What error/output are you getting? The following is not a minimal reproducible example, because n.folds and most.frequent.class are not defined.

featureless.list <- list()
for(fold in 1:n.folds){
  featureless <- rep(most.frequent.class, test.set$Fold == fold)
  featureless.list[[fold]] <- featureless
}

You can tell if it is a MRE by restarting your R (or using reprex::reprex), running the MRE, and if it gives the same error/output/issue are your larger code, then it is an MRE. If it gives different error/output/issue, then it is not useful (you need to provide more details).

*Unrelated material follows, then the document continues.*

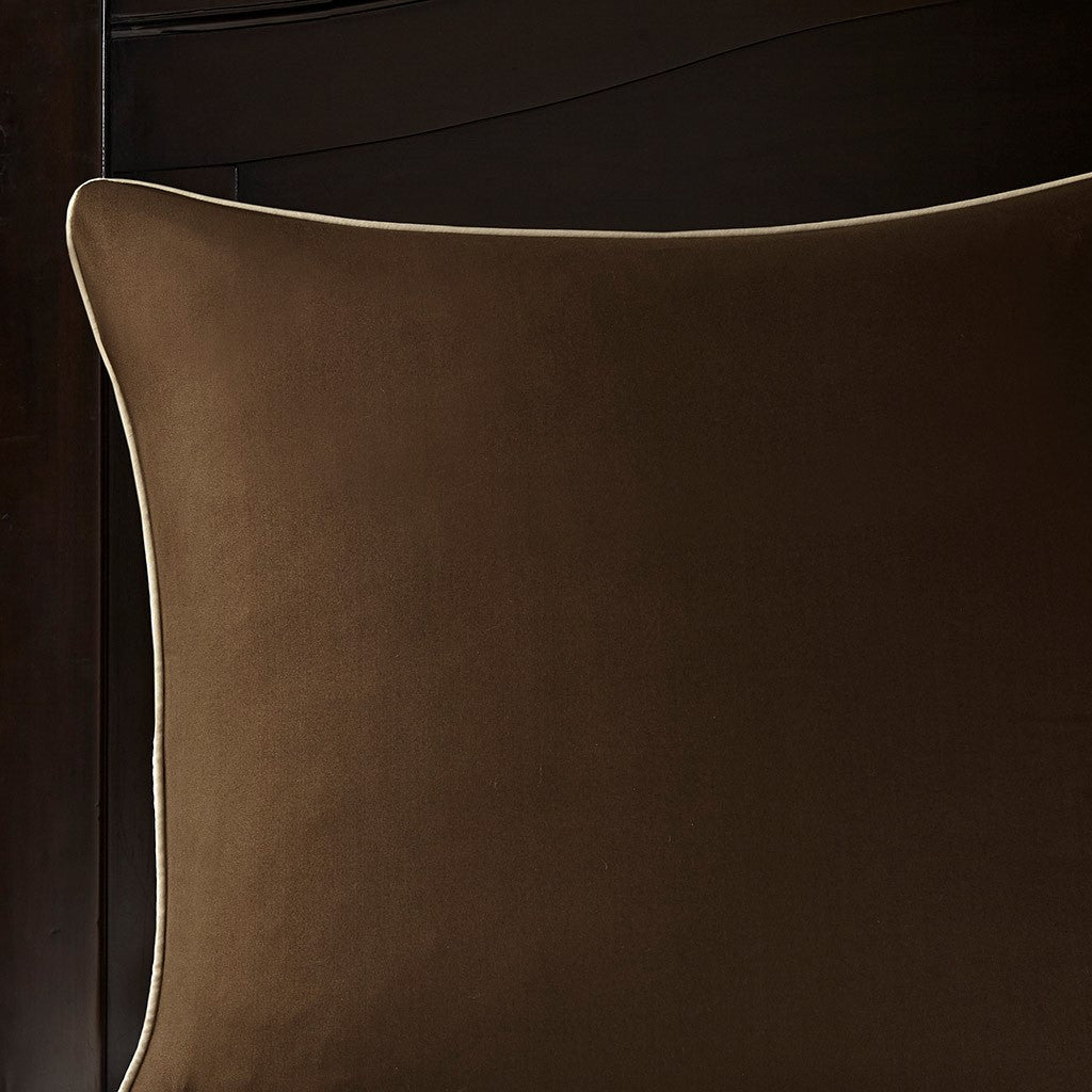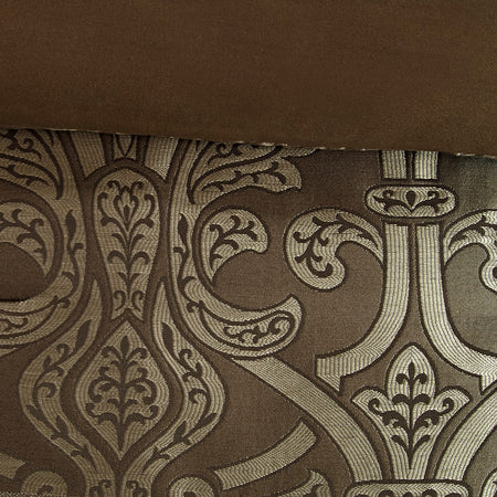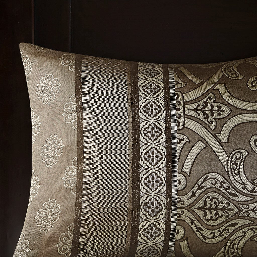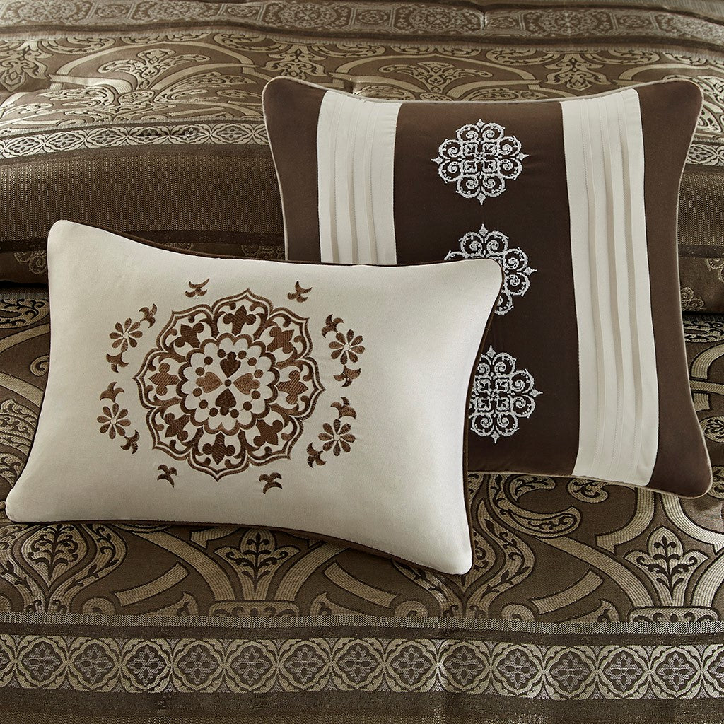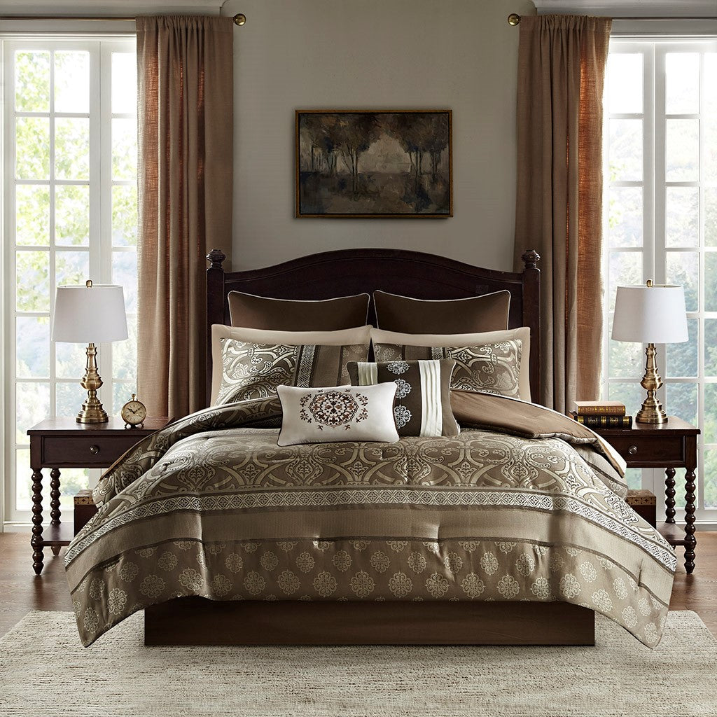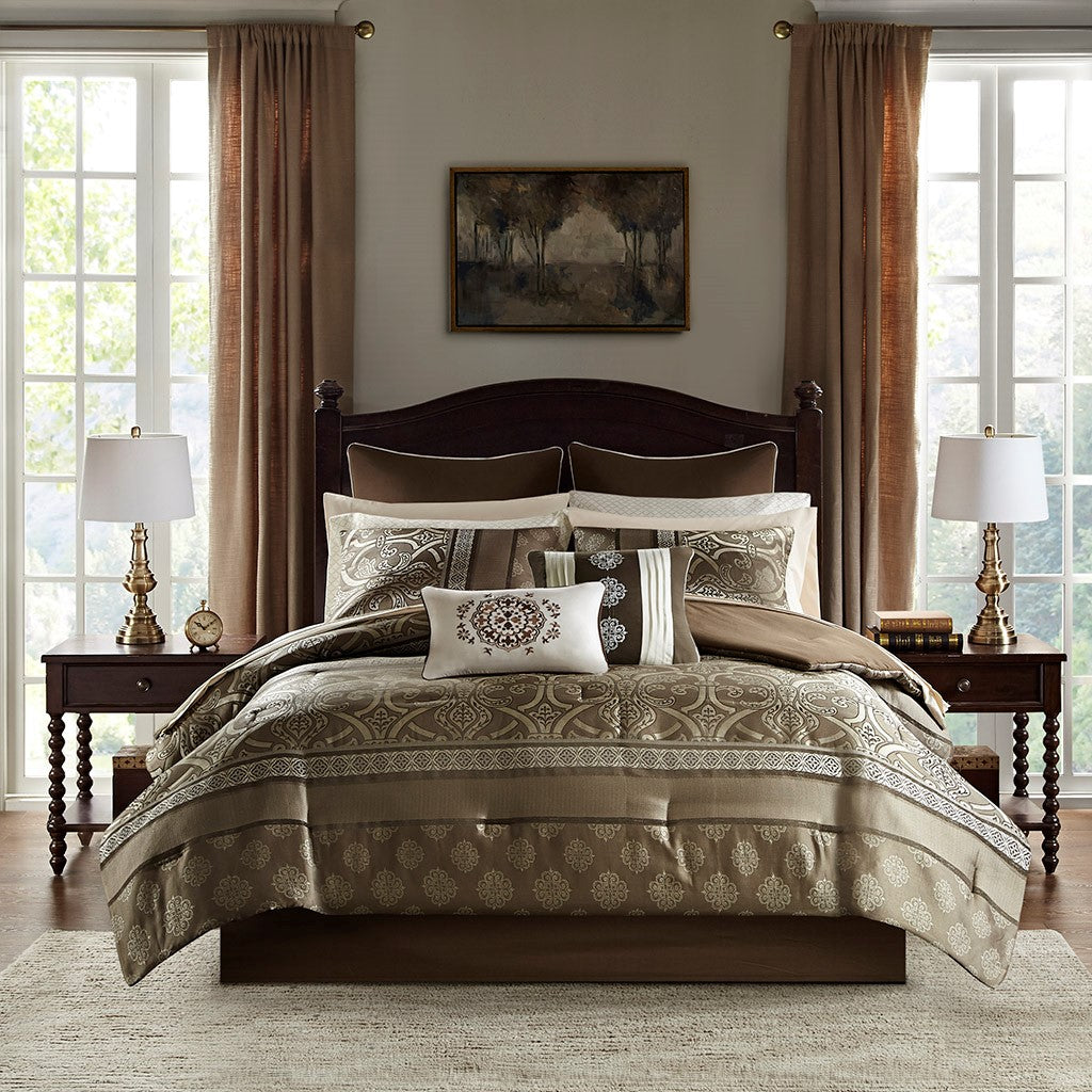 The Madison Park Essentials Zara 16 Piece Jacquard Complete Bedding Set with 2 Sheet Sets offers a luxurious traditional update for your bedroom. An elegant jacquard design, in shades of brown, adorns the face on the comforter and a solid dark brown reverse complements the top of the bed. Two shams and two dark brown Euro shams perfectly complement the comforter, while three decorative pillows with embroidery and pintuck details and a solid brown bedskirt provide the finishing touches. Also included are two complete sheet sets with fitted sheets that fit up to 16-inch mattress depth. One sheet set showcases a medallion print and the other is a solid brown that coordinate back to the jacquard bedding set. Bringing the best in health and wellness, this bedding set also features an anti-microbial treatment that provides built-in freshness protection, reducing the growth of odor causing bacteria and keeps fabric lasting longer. Filled with hypoallergenic filling in the comforter and decorative pillows, this jacquard complete bedding set transforms your entire bedroom with its traditional style and is machine washable for easy care. This bedding set may come in rolled or compressed packing and will need to be fluffed up. Use a steam iron to help remove wrinkles easier.

tdhock commented 9 months ago

putting the whole script is not minimal (there are lots of parts of the code which are not relevant to the problem you are observing)

trevb11 commented 9 months ago

What is the difference between labels and featureless then?I understand labels are the true class values but what is the featureless data then? Just a vector entirely composed of the major class? All zeros?Thanks,Trevor.On Dec 6, 2023, at 1:38 PM, Toby Dylan Hocking @.**> wrote: predictions should be a vector of predicted classes (one for each data point/row in the test set), and labels should be a vector of label/true class values. Please read https://tdhock.github.io/blog/2023/comparing-ml-frameworks/ in particular the relevant part for computing accuracy is below, pred.list <- list( cv_glmnet=factor(predict( glmnet.model, one.data.split$test$input.mat, type="class")), featureless=rep(most.freq.label, one.data.split$test$set.obs), "1nn"=class::knn( one.data.split$train$input.mat, one.data.split$test$input.mat, one.data.split$train$output.vec)) for(algorithm in names(pred.list)){ pred.vec <- pred.list[[algorithm]] is.correct <- pred.vec == one.data.split$test$output.vec accuracy.percent <- 100mean(is.correct) accuracy.dt.list[[paste( data.name, test.fold, algorithm )]] <- data.table( data.name, test.fold, algorithm, accuracy.percent) }

—Reply to this email directly, view it on GitHub, or unsubscribe.You are receiving this because you authored the thread.Message ID: @.***>

tdhock commented 9 months ago

featureless is a model which always predicts the most frequent class in train set labels.